WORK INSTRUCTIONS -
Copy exactly, from the beginning of the material below, every line up to and including the one holding "Una compañía promotora", with the pictures left out.

SOURCE DATA -
*** Block opens ***

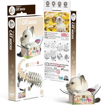 EUGY Puzzles are environmentally friendly cardboard 3D puzzles that take 10-20 minutes to assemble.
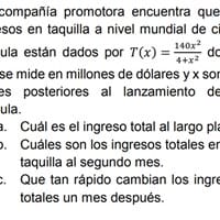 Una compañía promotora encuentra que losingresos en taquilla a nivel mundial de cierta
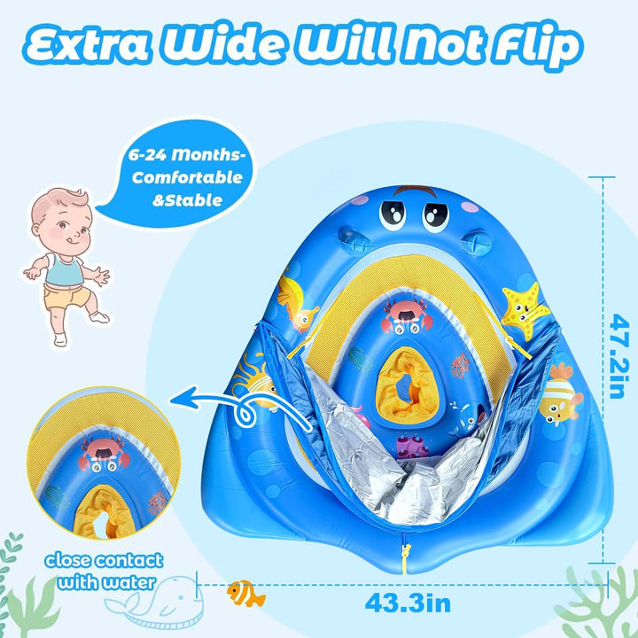 - 🐋 Bath and Pool Floatie: Unique and cute whale swim ring for bathtubs, pools, and beaches for infants and toddlers 6-24 months. Features an adjustable safety seat, and dual inflation chamber, 20% wider for superior buoyancy/stability in water, and does not flip over.

*** Block closes ***

EXPECTED ANSWER -
 EUGY Puzzles are environmentally friendly cardboard 3D puzzles that take 10-20 minutes to assemble.
 Una compañía promotora encuentra que losingresos en taquilla a nivel mundial de cierta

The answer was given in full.